Your task is to retype, exactly and only, the lines from the one containing "操作路径:【禁府-谍战行动-妨碍】/【他国界面-谍战外交-妨碍】" to the final line of the entries, leaving out all pictures.

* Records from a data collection
****************
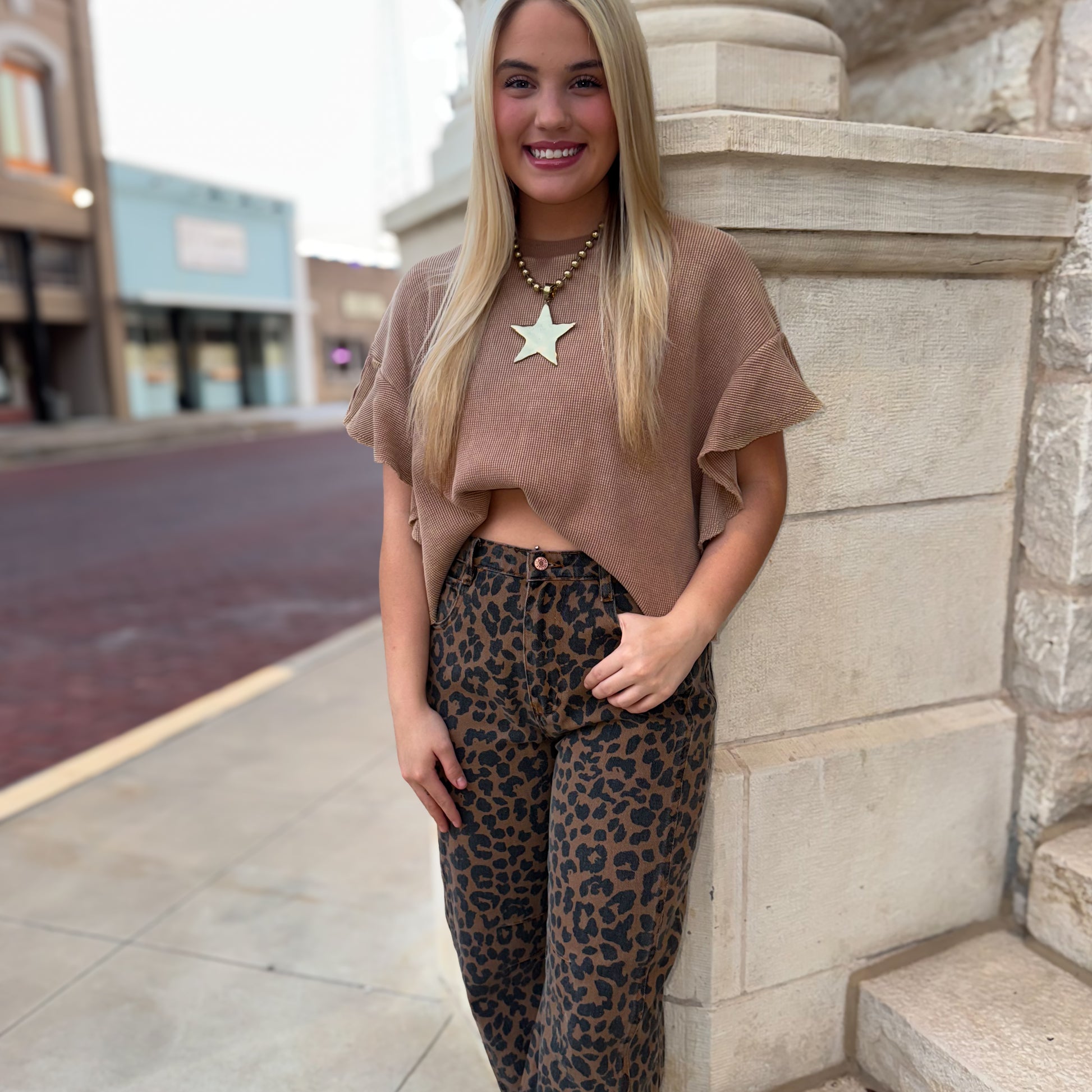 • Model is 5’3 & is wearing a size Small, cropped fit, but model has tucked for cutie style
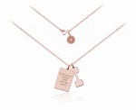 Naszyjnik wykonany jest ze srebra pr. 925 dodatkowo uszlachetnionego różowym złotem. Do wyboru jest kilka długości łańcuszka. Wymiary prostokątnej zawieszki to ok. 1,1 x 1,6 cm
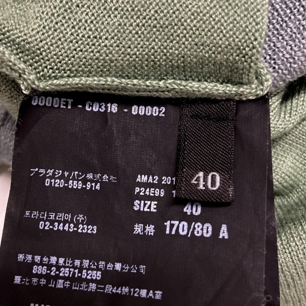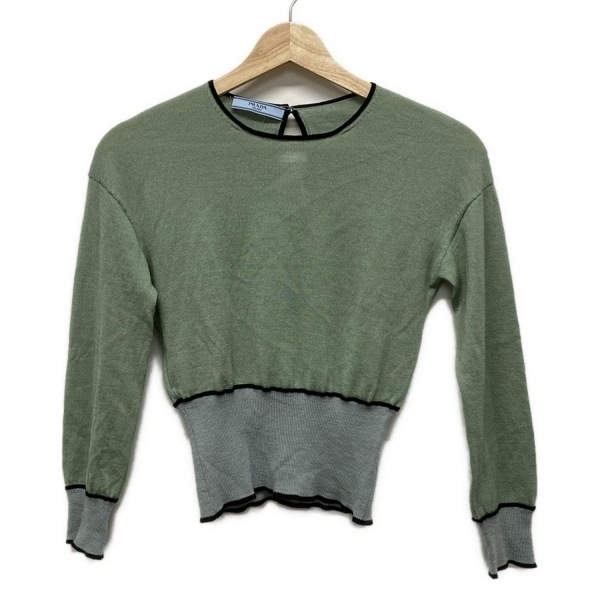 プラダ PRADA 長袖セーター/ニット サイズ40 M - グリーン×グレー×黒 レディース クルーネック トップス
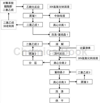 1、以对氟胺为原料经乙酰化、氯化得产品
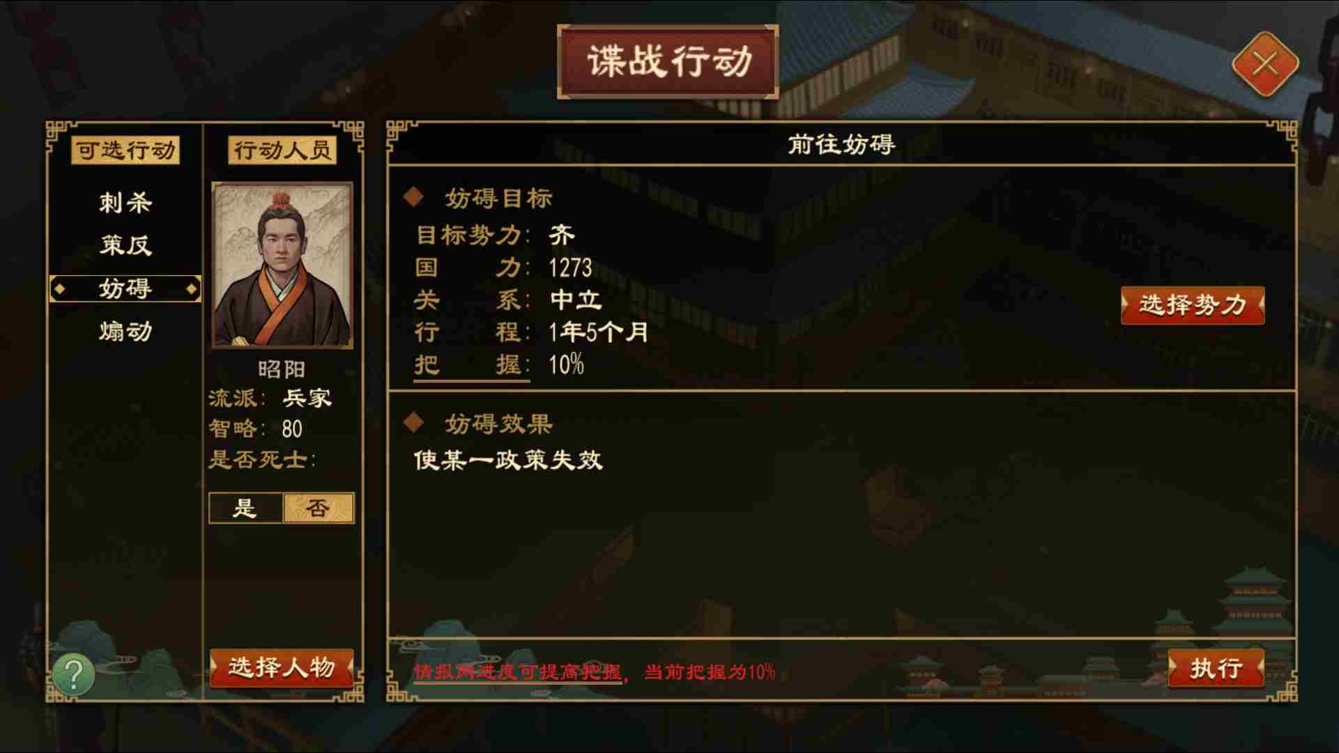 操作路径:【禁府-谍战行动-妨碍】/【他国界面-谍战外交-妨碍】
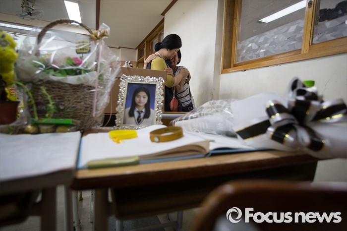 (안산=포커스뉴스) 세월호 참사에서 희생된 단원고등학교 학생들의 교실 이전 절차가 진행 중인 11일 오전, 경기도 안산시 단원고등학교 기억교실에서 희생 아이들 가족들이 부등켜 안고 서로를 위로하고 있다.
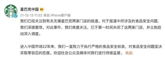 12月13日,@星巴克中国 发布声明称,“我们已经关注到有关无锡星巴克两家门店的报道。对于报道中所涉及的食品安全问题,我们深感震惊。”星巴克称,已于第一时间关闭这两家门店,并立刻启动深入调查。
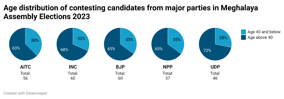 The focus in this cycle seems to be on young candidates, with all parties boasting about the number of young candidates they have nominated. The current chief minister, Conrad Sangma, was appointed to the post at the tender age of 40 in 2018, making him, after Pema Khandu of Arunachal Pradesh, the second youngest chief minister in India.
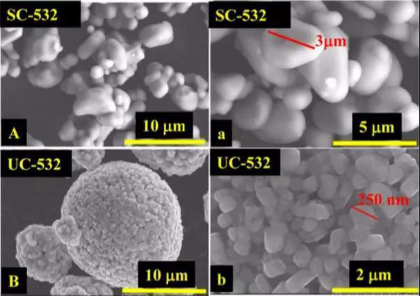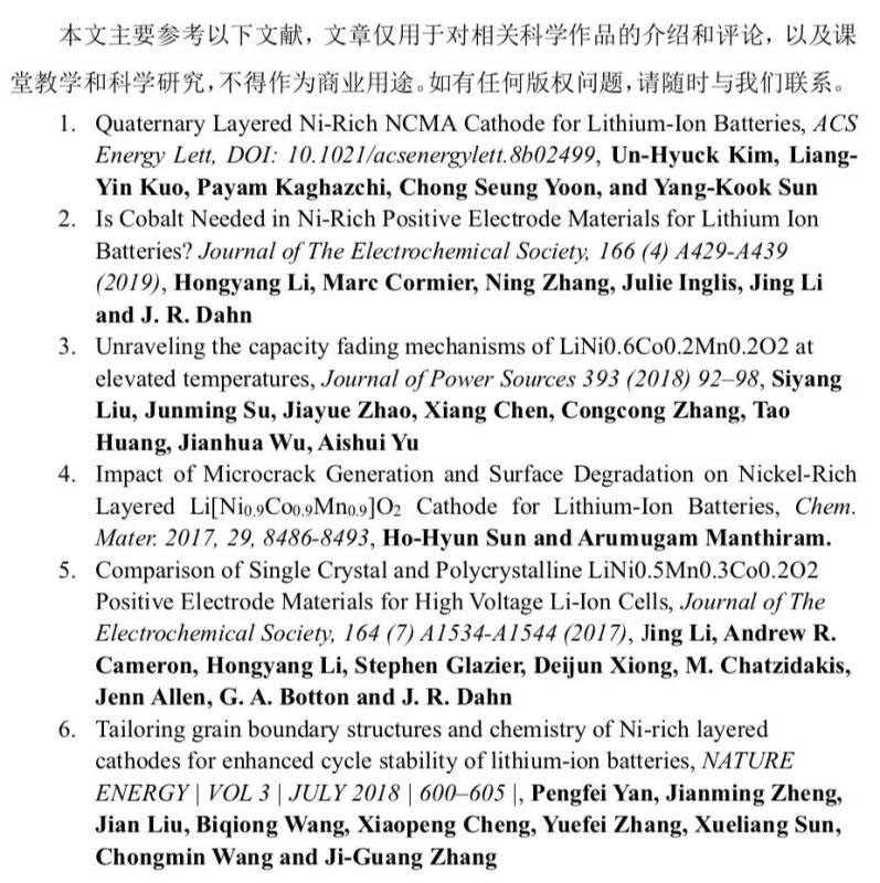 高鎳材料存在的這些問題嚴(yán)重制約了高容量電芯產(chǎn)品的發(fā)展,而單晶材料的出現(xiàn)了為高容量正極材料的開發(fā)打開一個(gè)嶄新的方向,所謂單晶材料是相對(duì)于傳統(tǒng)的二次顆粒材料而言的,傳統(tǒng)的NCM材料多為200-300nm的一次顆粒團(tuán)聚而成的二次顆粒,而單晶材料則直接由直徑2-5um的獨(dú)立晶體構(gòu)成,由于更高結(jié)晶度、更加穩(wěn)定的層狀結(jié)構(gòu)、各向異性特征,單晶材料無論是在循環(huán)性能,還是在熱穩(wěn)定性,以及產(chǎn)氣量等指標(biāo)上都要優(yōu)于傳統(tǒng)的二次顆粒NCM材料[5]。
****************
* Exercise response
 操作路径:【禁府-谍战行动-妨碍】/【他国界面-谍战外交-妨碍】
 (안산=포커스뉴스) 세월호 참사에서 희생된 단원고등학교 학생들의 교실 이전 절차가 진행 중인 11일 오전, 경기도 안산시 단원고등학교 기억교실에서 희생 아이들 가족들이 부등켜 안고 서로를 위로하고 있다.
 12月13日,@星巴克中国 发布声明称,“我们已经关注到有关无锡星巴克两家门店的报道。对于报道中所涉及的食品安全问题,我们深感震惊。”星巴克称,已于第一时间关闭这两家门店,并立刻启动深入调查。
 The focus in this cycle seems to be on young candidates, with all parties boasting about the number of young candidates they have nominated. The current chief minister, Conrad Sangma, was appointed to the post at the tender age of 40 in 2018, making him, after Pema Khandu of Arunachal Pradesh, the second youngest chief minister in India.
 高鎳材料存在的這些問題嚴(yán)重制約了高容量電芯產(chǎn)品的發(fā)展,而單晶材料的出現(xiàn)了為高容量正極材料的開發(fā)打開一個(gè)嶄新的方向,所謂單晶材料是相對(duì)于傳統(tǒng)的二次顆粒材料而言的,傳統(tǒng)的NCM材料多為200-300nm的一次顆粒團(tuán)聚而成的二次顆粒,而單晶材料則直接由直徑2-5um的獨(dú)立晶體構(gòu)成,由于更高結(jié)晶度、更加穩(wěn)定的層狀結(jié)構(gòu)、各向異性特征,單晶材料無論是在循環(huán)性能,還是在熱穩(wěn)定性,以及產(chǎn)氣量等指標(biāo)上都要優(yōu)于傳統(tǒng)的二次顆粒NCM材料[5]。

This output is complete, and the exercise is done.